**** Dataset excerpts

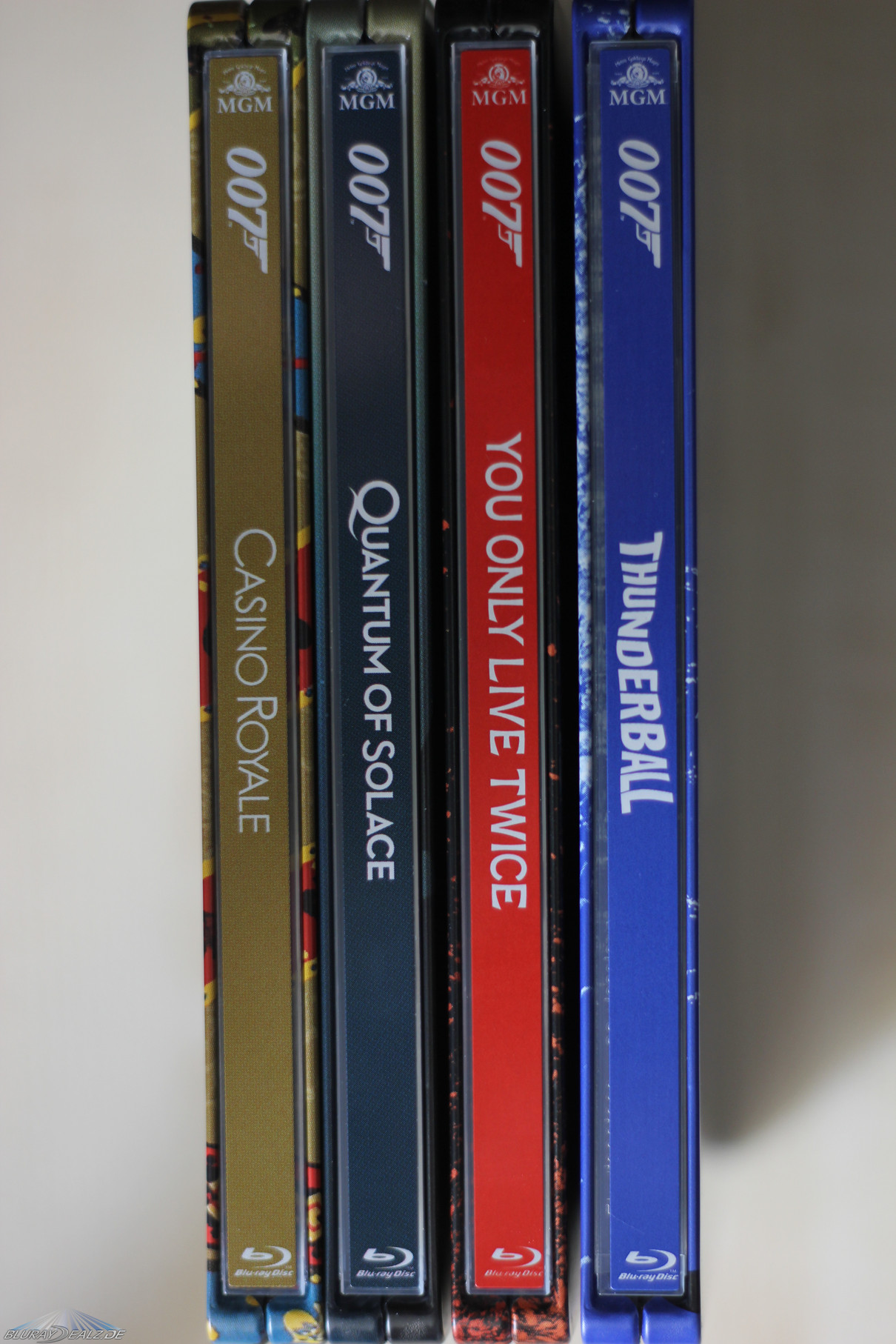 So sind die absoluten Highlights der Reihe neben dem auf der ganzen Linie überzeugenden CR-Steelbook die beiden Titel „Ein Quantum Trost“, welcher in der Hand wirklich extrem klasse wirkt (im Gegensatz zum oftmals kritisierten Film), und „Feuerball“, welches für mich das Highlight der gesamten Reihe ist. Das Steelbook wirkt besonders edel und hochwertig, was man allerdings erst wirklich genießen kann, wenn hier die Folie ab ist. Der das gesamte Steelbook einnehmende Schimmereffekt des blauen Hintergrundes ist extrem stark ausgeprägt und wirklich eine Augenweide. Auch „Man lebt nur zweimal“ sieht sehr schön aus und der Schimmereffekt des Rades wie der Feuerglut ist sehr schön anzusehen.
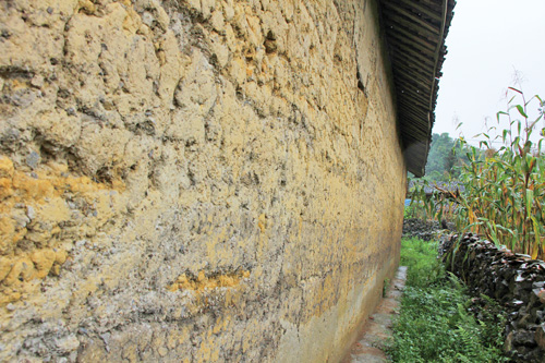 ![]() Tường nhà bằng đất lâu ngày đã rạn chân chim.
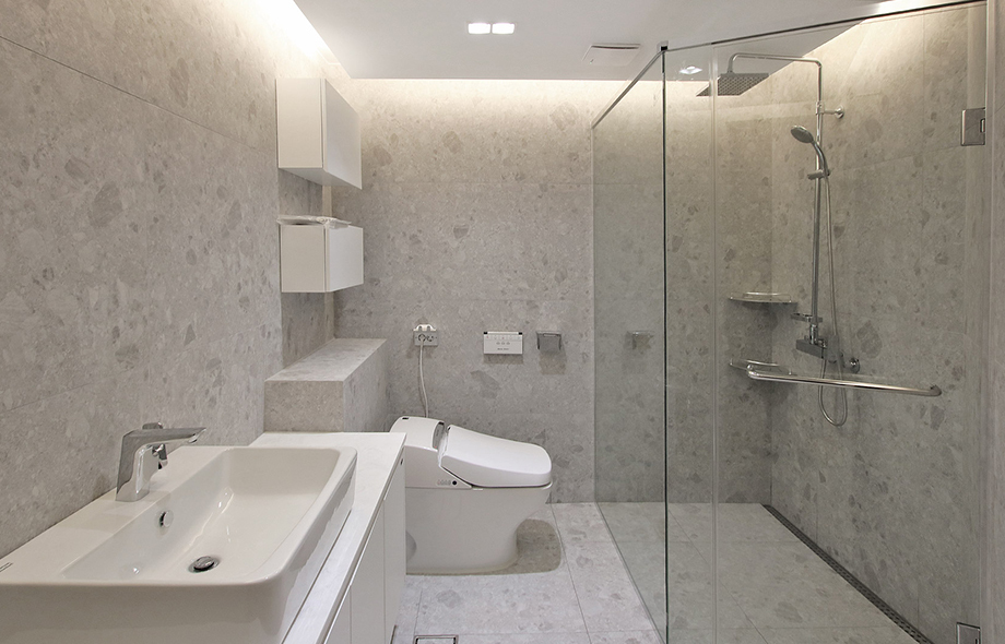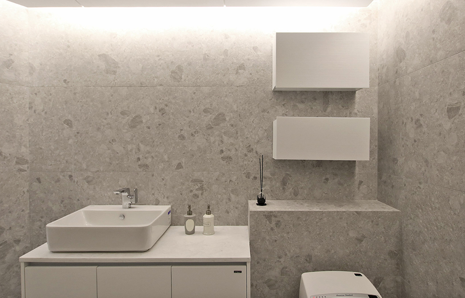 일반적인 직사각형 혹은 정사각형 구조의 욕실과는 다른 독특한 형태를 살려 연출한 공용욕실입니다. 차분한 컬러감과 은은한 패턴이 돋보이는 테라조 타일을 사용하고, 컨셉과 어울리도록 세면대와 모두 화이트로 연출했습니다.
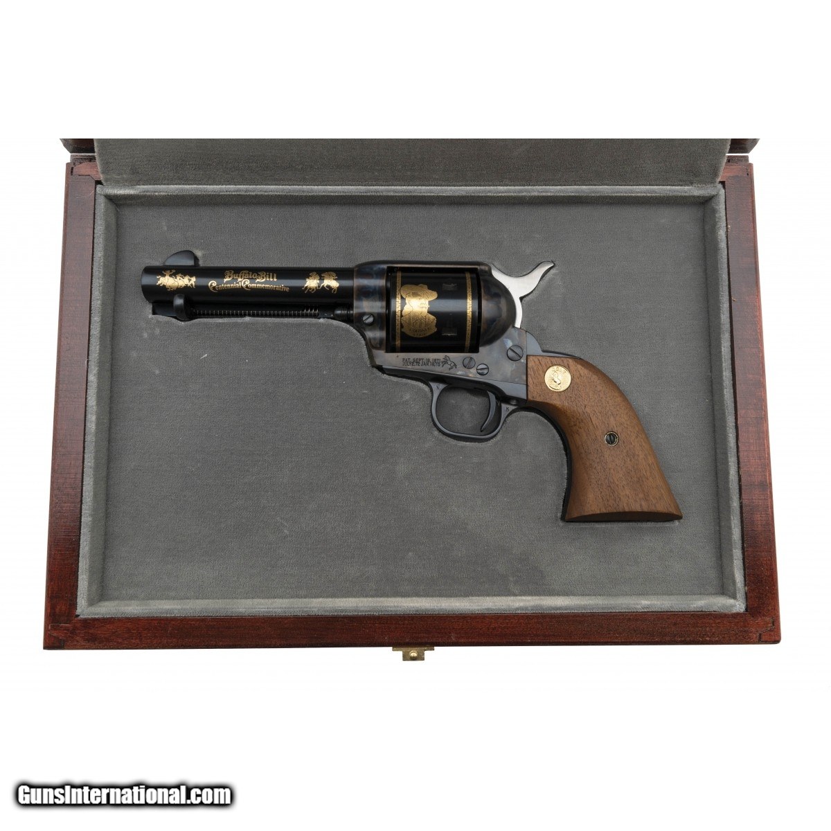 SN:CBBC0036. Manufactured circa 1983, .45 long Colt with a 4.75"" barrel. Bore is in excellent condition. Cased Buffalo Bill commemorative single action revolver with engraved cylinder/barrel and Colt medallion wood grips. Overall condition is excellent. Comes with case and box. (Consignment)
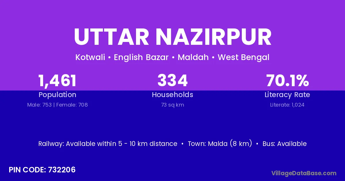Malda (8 km) is the nearest town to Uttar Nazirpur village for major economic activities and is located approximately 8 km away.
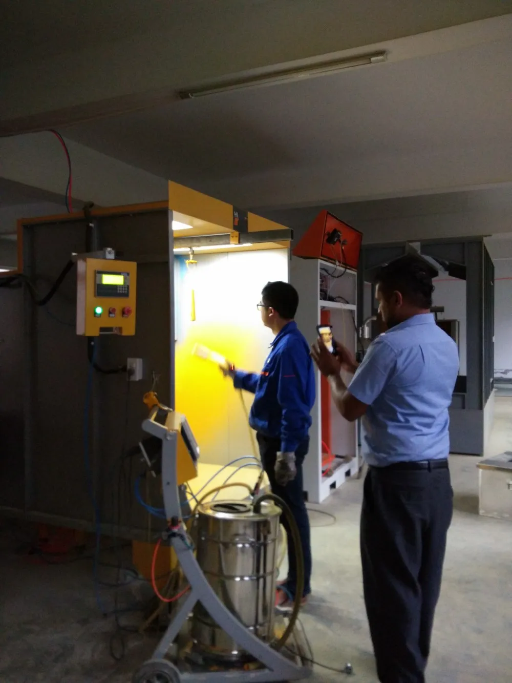 The spray booth uses high-intensity imported maintenance high-quality filter to filter, powder and gas separation. The unique back-blowing device automatically clears the powder and the recycling effect is remarkable.
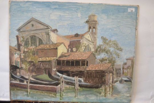 Attributed to Pauline Plummer, "Gondola Yard, Venice", acrylic on board, 76 x 51cm
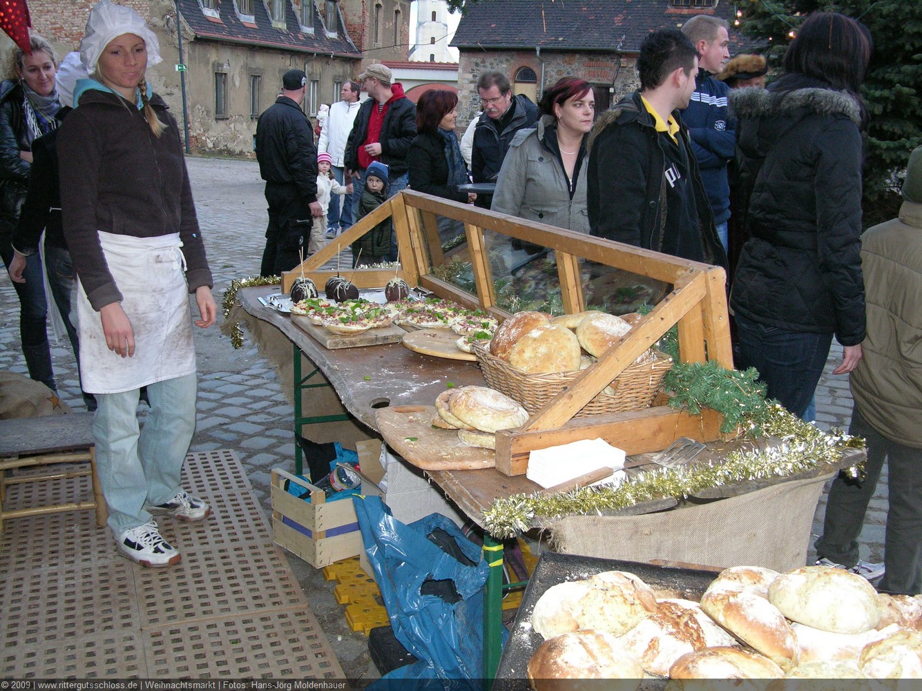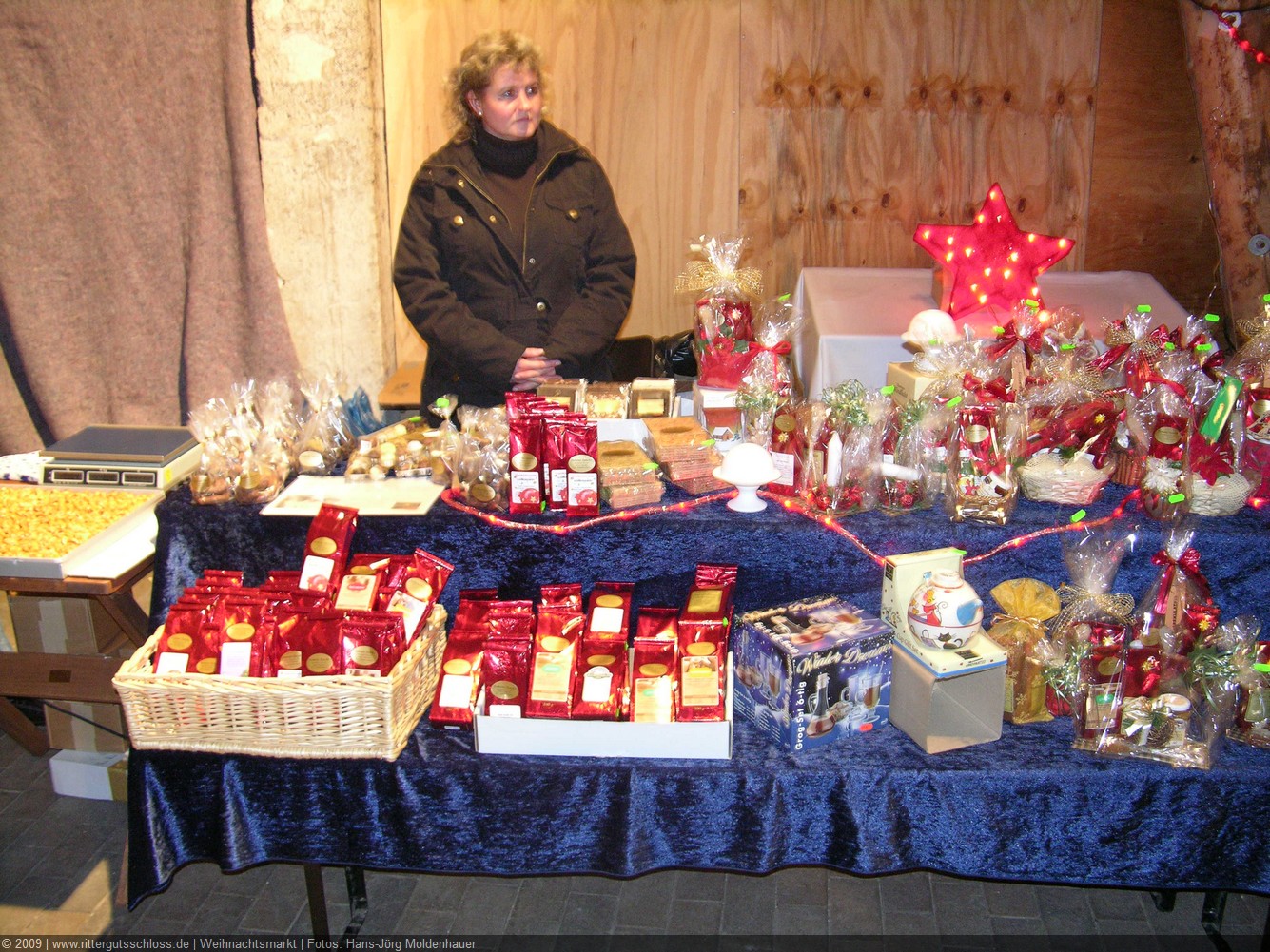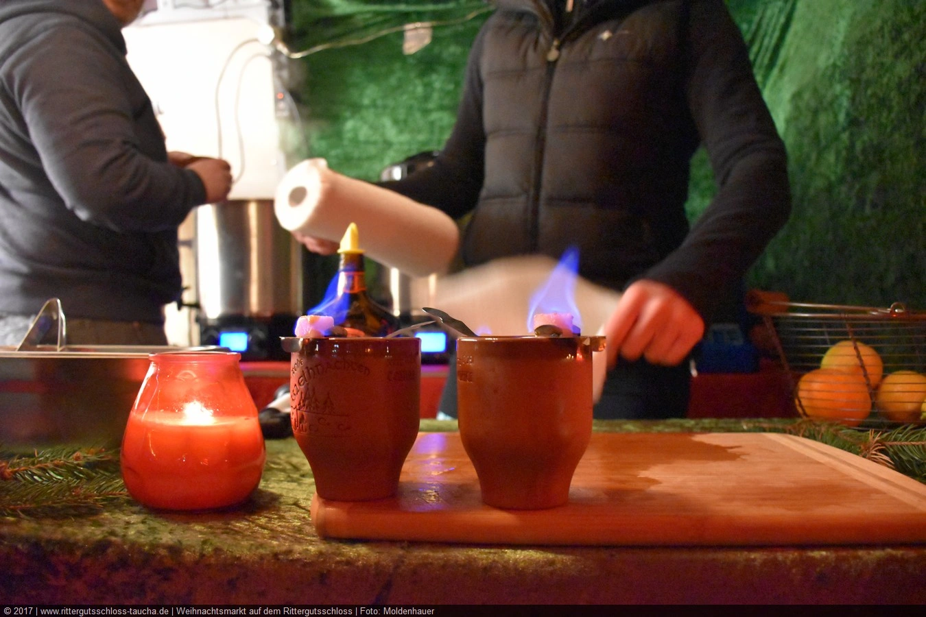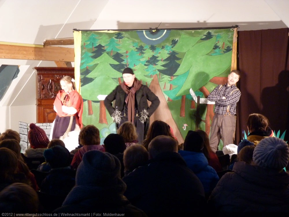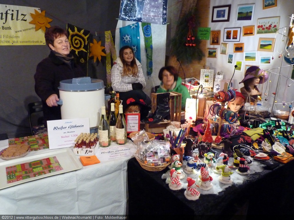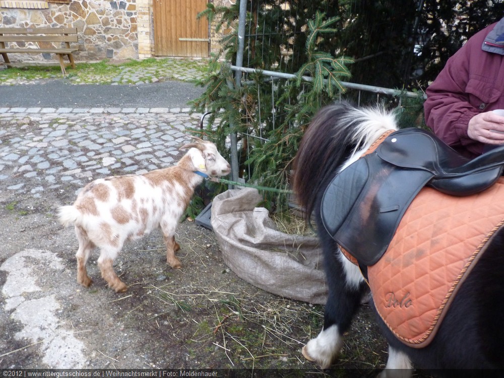 Maria begab sich sofort auf Entdeckungsreise. Was gab´s da alles zu entdecken? Ein Streichelzoo mit Schäfchen und Ziegen, Ponyreiten rund um den Weihnachtsbaum mitten auf dem Schlosshof, in den Eingängen zu den einzelnen Gebäuden ganz zauberhafte Märchenbilder mit lebensgroßen Figuren und über allem schwebte der typisch Duft von frisch Gebackenem aus der Schlossbäckerei. Natürlich fehlte auch Geräuchertes von Hoffleischer ebenso wenig wie die unvermeidlichen alkoholischen Getränke. Die Feuerzangenbowle – einfach köstlich.
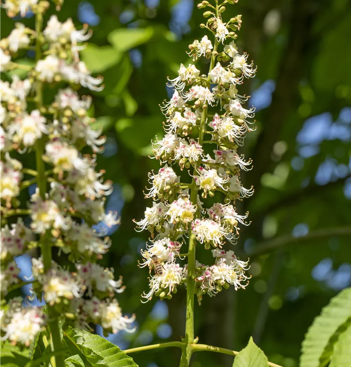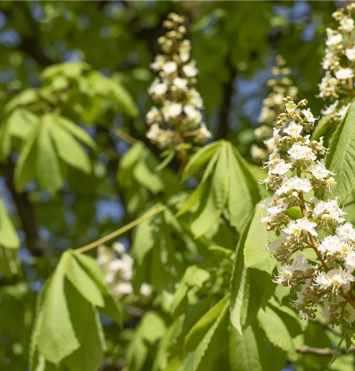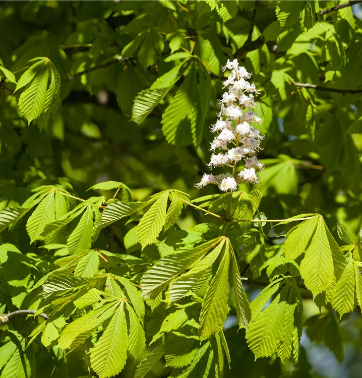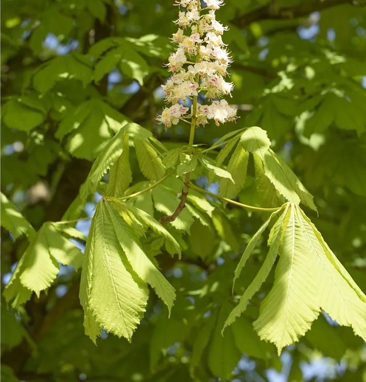 Die weißen Blüten der Rosskastanie erscheinen in Rispen im Mai.
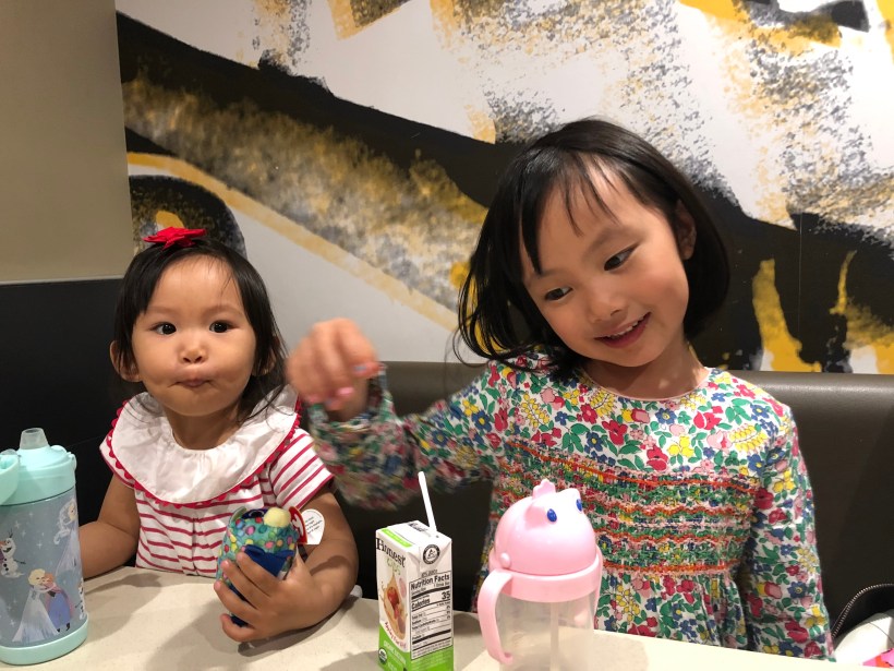 姐妹倆盡情地玩了一下午,晚餐到麥當勞吃快樂兒童餐,開心地把玩著餐點附贈的禮物。

********

## [Work instructions]
The range runs from the line containing "The spray booth" through the end of the entries; print those lines exactly and leave the pictures out.

## [Solution for this task]
 The spray booth uses high-intensity imported maintenance high-quality filter to filter, powder and gas separation. The unique back-blowing device automatically clears the powder and the recycling effect is remarkable.
 Attributed to Pauline Plummer, "Gondola Yard, Venice", acrylic on board, 76 x 51cm
 Maria begab sich sofort auf Entdeckungsreise. Was gab´s da alles zu entdecken? Ein Streichelzoo mit Schäfchen und Ziegen, Ponyreiten rund um den Weihnachtsbaum mitten auf dem Schlosshof, in den Eingängen zu den einzelnen Gebäuden ganz zauberhafte Märchenbilder mit lebensgroßen Figuren und über allem schwebte der typisch Duft von frisch Gebackenem aus der Schlossbäckerei. Natürlich fehlte auch Geräuchertes von Hoffleischer ebenso wenig wie die unvermeidlichen alkoholischen Getränke. Die Feuerzangenbowle – einfach köstlich.
 Die weißen Blüten der Rosskastanie erscheinen in Rispen im Mai.
 姐妹倆盡情地玩了一下午,晚餐到麥當勞吃快樂兒童餐,開心地把玩著餐點附贈的禮物。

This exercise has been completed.